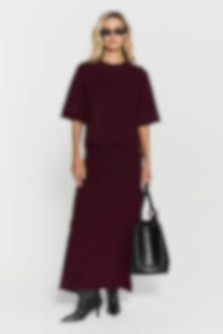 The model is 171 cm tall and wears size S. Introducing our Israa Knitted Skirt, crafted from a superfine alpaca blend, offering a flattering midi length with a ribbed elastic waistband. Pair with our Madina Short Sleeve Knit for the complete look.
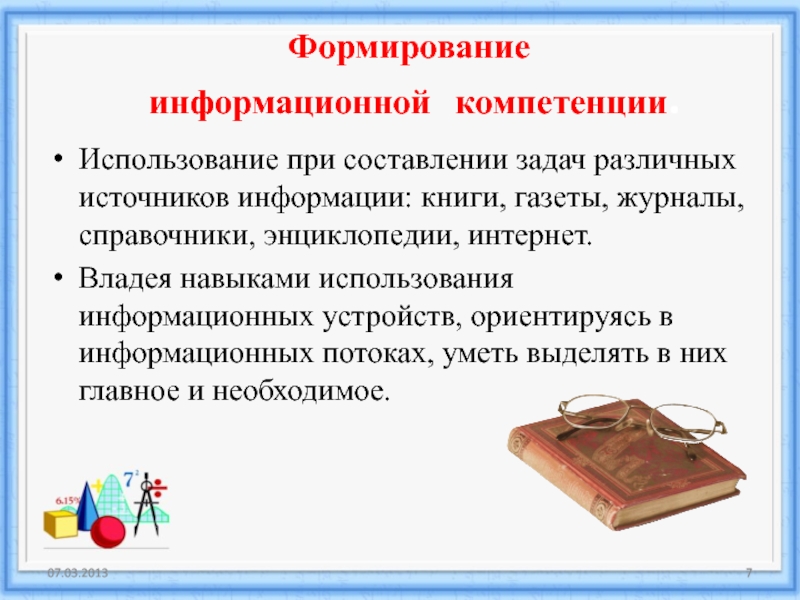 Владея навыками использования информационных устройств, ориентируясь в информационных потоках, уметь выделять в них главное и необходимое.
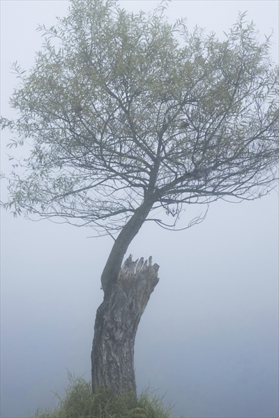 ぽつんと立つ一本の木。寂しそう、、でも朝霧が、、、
==
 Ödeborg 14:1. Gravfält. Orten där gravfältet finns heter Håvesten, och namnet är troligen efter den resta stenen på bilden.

• WORK TO BE COMPLETED:
Your output should be the lines above from the one that contains "Владея навыками использования" through the one that contains "ぽつんと立つ一本の木。寂しそう、、でも朝霧が、、、", word for word, with pictures left out.

• SOLUTION TO THE EXERCISE:
 Владея навыками использования информационных устройств, ориентируясь в информационных потоках, уметь выделять в них главное и необходимое.
 ぽつんと立つ一本の木。寂しそう、、でも朝霧が、、、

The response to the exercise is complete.